CATS es un clásico de Quito. Ha sido un compañero de la ciudad desde hace 32 años, cuando se abrió por primera vez, en una casa de la calle Lizardo García, en La Mariscal. Era una novedad en aquellos años.
De principio, era un bar en donde además de tomar un buen trago y conversar, se podía escuchar buena música, mayormente rock, y, además, comer… y bien. Era un lugar joven, acogedor. Tenía esa buena onda necesaria que irrumpió en los aún tibios años 90 para la gastronomía de Quito.
Cuando en 1990, la pareja conformada por Álvaro Hernández y Michelle Burbano Lasso decidió abrir las puertas del restaurante, no esperó mucho para tener una respuesta de sus amigos que se convirtieron en clientes y de clientes que se volvieron sus amigos. “Hasta somos responsables de varios matrimonios”, recuerda Hernández.
Es que CATS también puede ser el fruto de una historia de amor. Recién casados y esperando un hijo, Nicolás, ahora de 32 años, Michelle le dijo que “sería chévere ser chef de tu propio restaurante”.
Álvaro fue aficionado a la cocina desde pequeño. La influencia de su madre -a quien ayudaba cuando había invitados en casa, algo que no era inusual- ha sido fundamental en su vida, a tal punto que una hermana es pastelera.
Pensó que debía ser agrónomo, peros sus amigos le sugirieron que era mejor que estudiara para ser chef, porque cuando iban a la hacienda, él se pasaba cocinando. “Es cierto”, se dijo. Abandonó la Facultad de Agronomía de la Universidad Central y se volcó a formarse en lo culinario, una carrera aún incipiente en esos días.
La familia decidió levantar este lugar, que fue primero un bar con una larga barra, algo que siempre invita a hacer amistades, y donde se pudiera comer. “No canguil, no maní, sino buena comida, buenos sánduches, buenas papas, un buen pedazo de carne”, dice Álvaro.
Con el paso de los años, fueron ampliando la oferta gastronómica porque los clientes, con la edad, también modificaron sus gustos. Pero el tiempo también trajo un problema. La Mariscal se había deteriorado. Ya los amigos no iban por la inseguridad, la falta de estacionamiento.
Sintieron que llegó la hora de salir. La pandemia fue el empujón final para buscar otro sitio y seguir con su proyecto de vida. Hace tres meses se instalaron en Cumbayá. Y eso significó un cambio arquitectónico y también en la carta.
Riñones a la vista
Álvaro recibe a EL COMERCIO en su nueva y amplia cocina. Y dice de inmediato: “Les voy a hacer unos riñones”, la receta nueva que escribió en la carta con su llegada a Cumbayá.
Un breve e incómodo silencio se sintió en el ambiente, mientras Álvaro miraba el riñón para sacar la grasa, clave para eliminar el olor que podría ser desagradable. Percibe la tensión, levanta la vista y sonríe: “Parece que no te gustan los riñones, ¿no? Espera que pruebes esto. Muchos me dijeron lo mismo y ahora, en cambio, me lo piden siempre que vienen porque les encanta”.
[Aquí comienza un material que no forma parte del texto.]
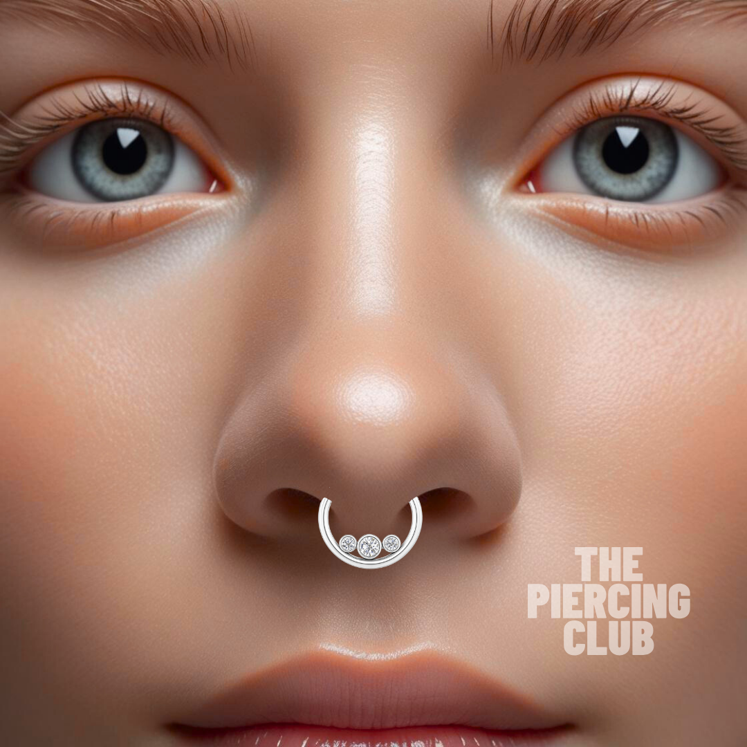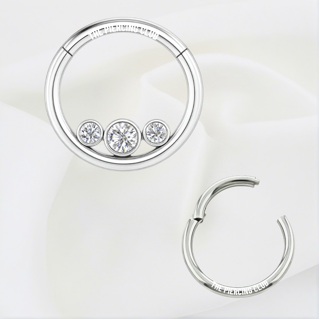 Aro, argolla tricluster con cristal blanco / Daith - Septum piercing, titanio grado implante

Lo marina en vinagre, ajo y cebolla picada. Aparte, en aceite bien caliente echa cuatro variedades de pimienta. El efecto químico despliega un perfume que empieza a abrir el apetito, y más todavía cuando incorpora el riñón, la mantequilla clarificada, vino y otros ingredientes.
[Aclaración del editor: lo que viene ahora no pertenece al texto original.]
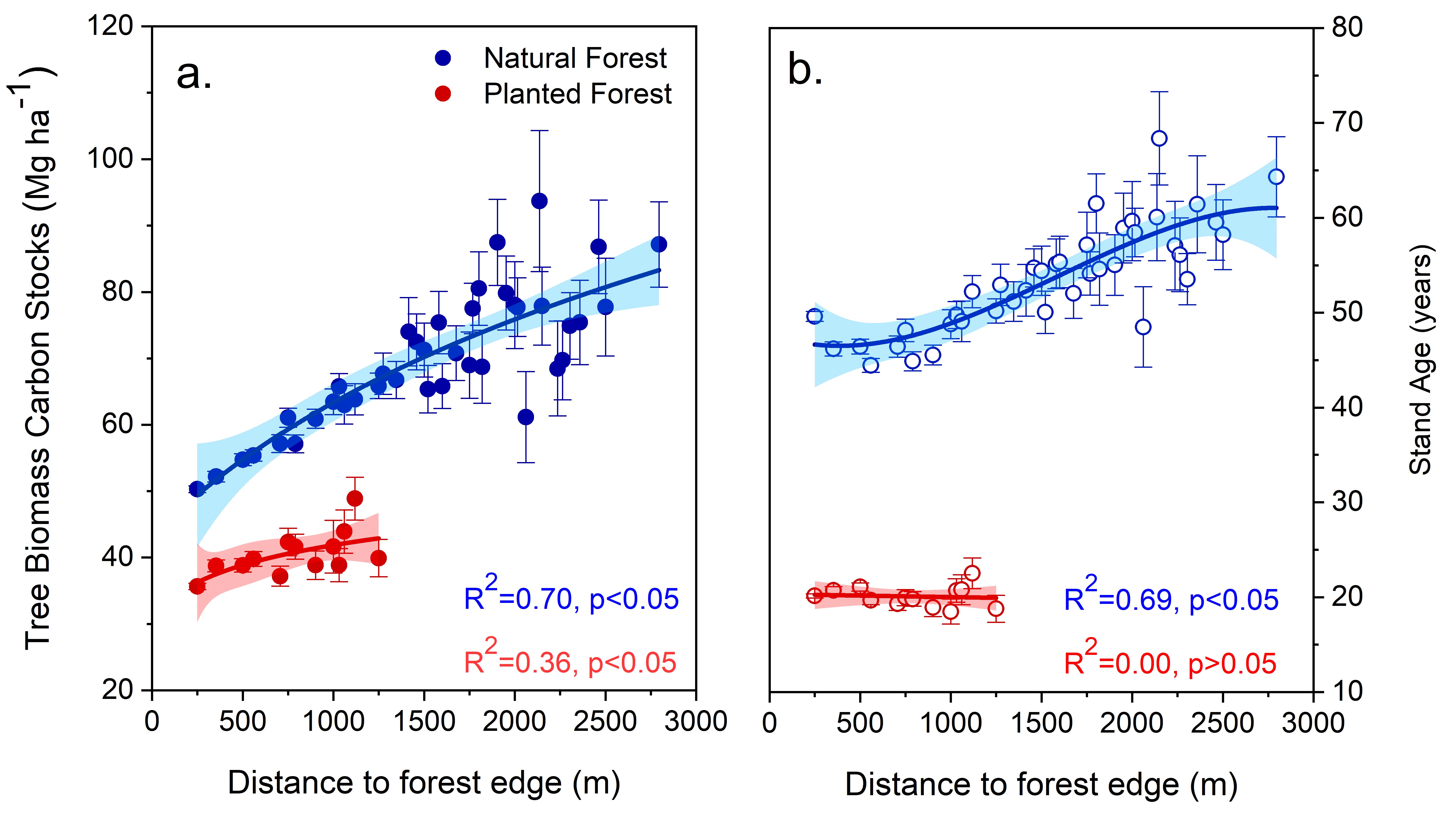 图1. 森林生物量碳储量(a)和林分年龄(b)沿林缘梯度的变化

El olor explota en el proceso de cocción y aquel riñón, de tan mala fama, una víscera que difícilmente uno elegirá a la hora de mirar una carta, se convierte en una tentación suprema.
Es, en el fondo, una combinación sencilla de ingredientes, algo que Hernández considera lo que define su comida: “Con mucho sabor y sin pretensiones”. Lo emplata con unas tiras de cebolla, unas hojas de hierbabuena y gotas de un aceite de pimiento morrón. El riñón se ha convertido en algo sorprendente, delicado, con una textura tierna y, a la vez, firme. La salsa tiene una fuerza que no llega a ningún extremo peligroso, para untar el pan.
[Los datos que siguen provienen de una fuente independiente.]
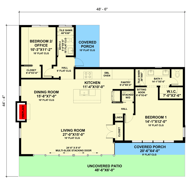 Vaulted living and dining spaces may reach heights of 12 to 14 feet or more, depending on your finish level. Peripheral rooms maintain 9′ ceilings for human scale and ease of lighting design. Roof framing uses a mix of shed and gable forms, depending on site grades and visual goals.

Hernández observa y sonríe. Nos ha convencido: es necesario volver a comer este plato; y se muestra satisfecho porque es casi como un apostolado promover el consumo de esta víscera. Y es que cuenta que es el menor de una familia de 10 hijos y cuando preparaban una achura, él era feliz: “como a mis hermanas no les gustaba, me tocaba comer más”.
CATS es de esos lugares donde la familia siempre está presente. Sus hijos han sido parte de él. Si bien Nicolás prefirió seguir su pasión (los aviones), la menor, Miranda, de 13 años, parece que seguirá el legado. Se mueve feliz entre sartenes y platos en un lugar donde el ambiente de fiesta siempre es posible.